Add support for SECCOMP_FILTER_FLAG_TSYNC.

This allows synchronizing all threads in a thread group to the same
seccomp filter tree.

Some processes only receive control over their execution after
threads have already been created in their thread group. This happens
for example with apps forked from the Android zygote.

Thread sync (TSYNC) allows these processes to safely apply seccomp
filters to all threads in their thread group, therefore preventing
a thread running with seccomp filters from being able to circumvent
the filter by exploiting an unconfined thread in the same thread
group.

Bug: 31267783
Test: Manual, with multithreaded program calling libminijail.

Change-Id: I902428abf2e4d7fb3e2200ebfe9d5e640a1b10e0
diff --git a/libminijail.c b/libminijail.c
index 8f63b85..597fef2 100644
--- a/libminijail.c
+++ b/libminijail.c
@@ -40,6 +40,7 @@
 
 #include "signal_handler.h"
 #include "syscall_filter.h"
+#include "syscall_wrapper.h"
 #include "util.h"
 
 #ifdef HAVE_SECUREBITS_H
@@ -73,14 +74,27 @@
 # define PR_ALT_SYSCALL 0x43724f53
 #endif
 
-/* For seccomp_filter using BPF. */
+/* Seccomp filter related flags. */
 #ifndef PR_SET_NO_NEW_PRIVS
 # define PR_SET_NO_NEW_PRIVS 38
 #endif
+
 #ifndef SECCOMP_MODE_FILTER
 # define SECCOMP_MODE_FILTER 2 /* uses user-supplied filter. */
 #endif
 
+#ifndef SECCOMP_SET_MODE_STRICT
+# define SECCOMP_SET_MODE_STRICT 0
+#endif
+#ifndef SECCOMP_SET_MODE_FILTER
+# define SECCOMP_SET_MODE_FILTER 1
+#endif
+
+#ifndef SECCOMP_FILTER_FLAG_TSYNC
+# define SECCOMP_FILTER_FLAG_TSYNC 1
+#endif
+/* End seccomp filter related flags. */
+
 /* New cgroup namespace might not be in linux-headers yet. */
 #ifndef CLONE_NEWCGROUP
 # define CLONE_NEWCGROUP 0x02000000
@@ -123,6 +137,7 @@
 		int remount_proc_ro:1;
 		int no_new_privs:1;
 		int seccomp_filter:1;
+		int seccomp_filter_tsync:1;
 		int log_seccomp_filter:1;
 		int chroot:1;
 		int pivot_root:1;
@@ -333,6 +348,11 @@
 	j->flags.seccomp_filter = 1;
 }
 
+void API minijail_set_seccomp_filter_tsync(struct minijail *j)
+{
+	j->flags.seccomp_filter_tsync = 1;
+}
+
 void API minijail_log_seccomp_filter_failures(struct minijail *j)
 {
 	j->flags.log_seccomp_filter = 1;
@@ -643,9 +663,19 @@
 	return minijail_mount(j, src, dest, "", flags);
 }
 
+static void clear_seccomp_options(struct minijail *j)
+{
+	j->flags.seccomp_filter = 0;
+	j->flags.seccomp_filter_tsync = 0;
+	j->flags.log_seccomp_filter = 0;
+	j->filter_len = 0;
+	j->filter_prog = NULL;
+	j->flags.no_new_privs = 0;
+}
+
 static int seccomp_should_parse_filters(struct minijail *j)
 {
-	if (prctl(PR_SET_SECCOMP, SECCOMP_MODE_FILTER, NULL)) {
+	if (prctl(PR_SET_SECCOMP, SECCOMP_MODE_FILTER, NULL) == -1) {
 		/*
 		 * |errno| will be set to EINVAL when seccomp has not been
 		 * compiled into the kernel.
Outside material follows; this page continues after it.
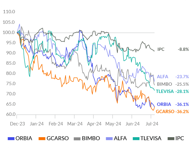 ORBIA, una compañía mexicana con operaciones a nivel mundial, ha tenido el segundo peor desempeño del IPC en lo que va del año, con una pérdida de 41.6%. Asimismo, cabe destacar que el precio al que cotiza hoy (22 pesos por acción) es el más bajo en más de una década.

On certain platforms and kernel
@@ -653,13 +683,9 @@
 		 * in that case, disable seccomp and skip loading the filters.
 		 */
 		if ((errno == EINVAL) && seccomp_can_softfail()) {
-			warn("not loading seccomp filters,"
-			     " seccomp not supported");
-			j->flags.seccomp_filter = 0;
-			j->flags.log_seccomp_filter = 0;
-			j->filter_len = 0;
-			j->filter_prog = NULL;
-			j->flags.no_new_privs = 0;
+			warn("not loading seccomp filters, seccomp filter not "
+			     "supported");
+			clear_seccomp_options(j);
 			return 0;
 		}
 		/*
@@ -668,6 +694,32 @@
 		 * abort() if seccomp fails.
 		 */
 	}
+	if (j->flags.seccomp_filter_tsync) {
+		/* Are the seccomp(2) syscall and the TSYNC option supported? */
+		if (sys_seccomp(SECCOMP_SET_MODE_FILTER,
+				SECCOMP_FILTER_FLAG_TSYNC, NULL) == -1) {
+			int saved_errno = errno;
+			if (seccomp_can_softfail()) {
+				if (saved_errno == ENOSYS) {
+					warn(
+					    "seccomp(2) syscall not supported");
+					clear_seccomp_options(j);
+				}
+				if (saved_errno == EINVAL) {
+					warn("seccomp filter thread sync not "
+					     "supported");
+					clear_seccomp_options(j);
+				}
+				return 0;
+			}
+			/*
+			 * Similar logic here. If seccomp_can_softfail() is
+			 * false, or |errno| != ENOSYS, or |errno| != EINVAL,
+			 * we can proceed. Worst case scenario minijail_enter()
+			 * will abort() if seccomp or TSYNC fail.
+			 */
+		}
+	}
 	return 1;
 }
 
@@ -1415,13 +1467,17 @@
 	 * Install the syscall filter.
 	 */
 	if (j->flags.seccomp_filter) {
-		if (prctl(PR_SET_SECCOMP, SECCOMP_MODE_FILTER,
-			  j->filter_prog)) {
-			if ((errno == EINVAL) && seccomp_can_softfail()) {
-				warn("seccomp not supported");
-				return;
+		if (j->flags.seccomp_filter_tsync) {
+			if (sys_seccomp(SECCOMP_SET_MODE_FILTER,
+					SECCOMP_FILTER_FLAG_TSYNC,
+					j->filter_prog)) {
+				pdie("seccomp(tsync) failed");
 			}
-			pdie("prctl(PR_SET_SECCOMP, SECCOMP_MODE_FILTER)");
+		} else {
+			if (prctl(PR_SET_SECCOMP, SECCOMP_MODE_FILTER,
+				  j->filter_prog)) {
+				pdie("prctl(seccomp_filter) failed");
+			}
 		}
 	}
 }
@@ -2060,7 +2116,9 @@
 		if (child_pid < 0) {
 			_exit(child_pid);
 		} else if (child_pid > 0) {
-			/* Best effort. Don't bother checking the return value. */
+			/*
+			 * Best effort. Don't bother checking the return value.
+			 */
 			prctl(PR_SET_NAME, "minijail-init");
 			init(child_pid);	/* Never returns. */
 		}